These are the simple underlying reasons why we do what we do.
The bulk of human behavior can be explained by a chain of cause and effect that leads back to these few axioms.
Axioms of human behavior
The 9 axioms shown above (the nine factors underpinning human behavior) can be described as follows.
We share many characteristics with other animals that influence our behavior. A crucial one for this framework is biological asymmetry (axiom A2), in other words, being in our own bodies gives us a specific perspective, which means that we cannot know the thoughts, feelings and sensations of others the way that we know our own, and so we cannot have perfect empathy with others. As with other animals there are differences between the sexes (axiom A4), and in the human case the most fundamental of these are that males and females:
- have different levels of certainty that a child is theirs: women know, men think they know (axiom A5)

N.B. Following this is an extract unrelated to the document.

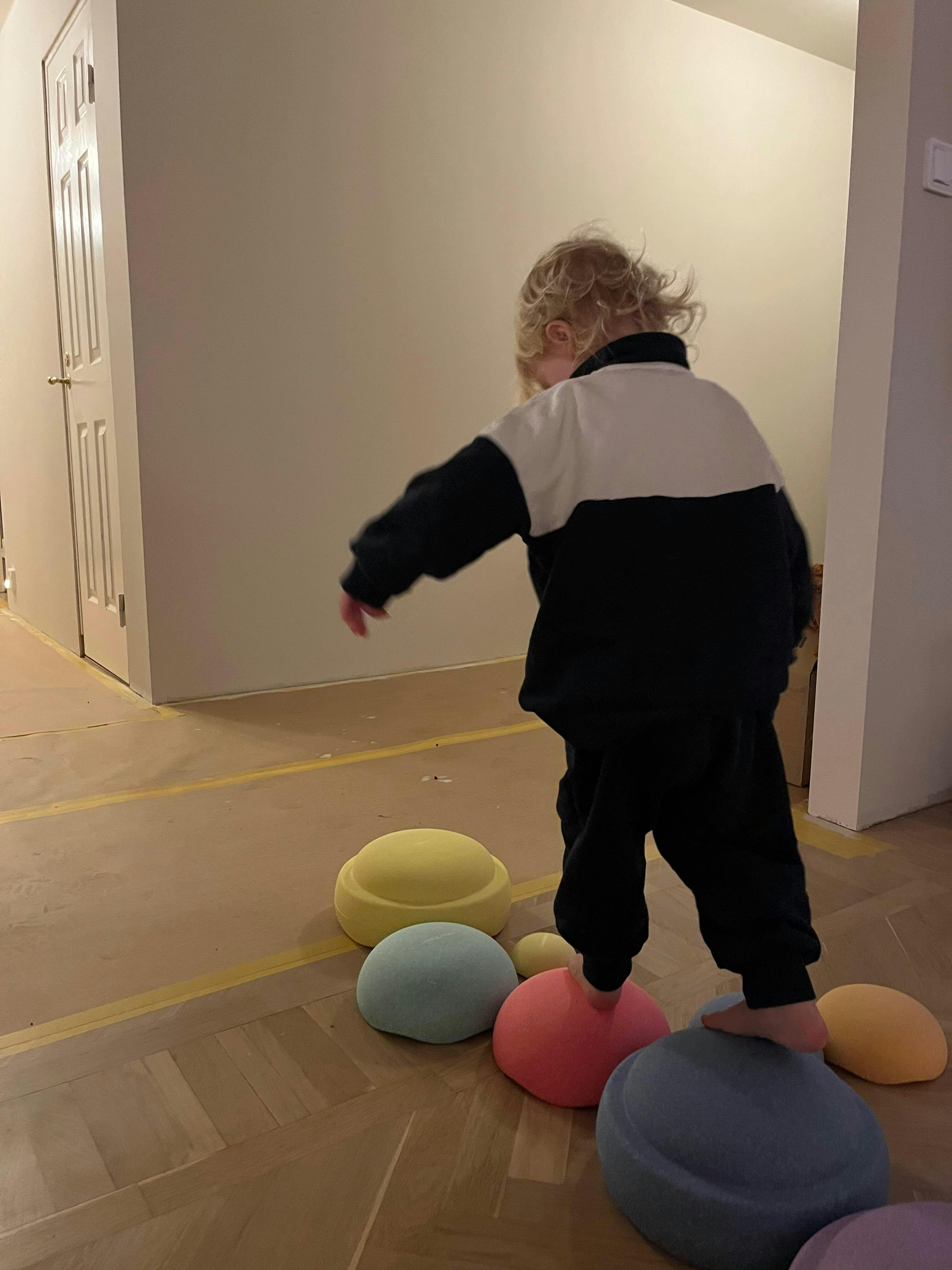 Verwende eine ebene, rutschfeste Oberfläche, wenn mit Stapelstein® Produkten balanciert oder Hindernisparcours gebaut werden.

- have (at least initially) different levels of investment in the children: women invest nine months of resources (axiom A6)
- have different potential numbers of offspring: women are limited to one birth every nine months; men could have more (axiom A7)
Human behavior is distinctive in the animal kingdom because of our distinctive evolutionary environment (axiom A8), which was an extremely unpleasant one, with many threats and few resources. Our response to that environment was to become a learning animal, able to develop survival solutions in days rather than evolving them over generations. The process of evolution through natural selection (axiom A1), operated on the factors that governed that learning process so that, in the same way that it shaped our bodies, it also shaped our psychology (axiom A3).
The final underlying factor (axiom A9) is only a principle, and is not perfectly reliable, but it does provide a philosophy for conducting an analysis. This is Occam’s razor, which suggests that if complex and simple explanations are available, the simplest one should be preferred.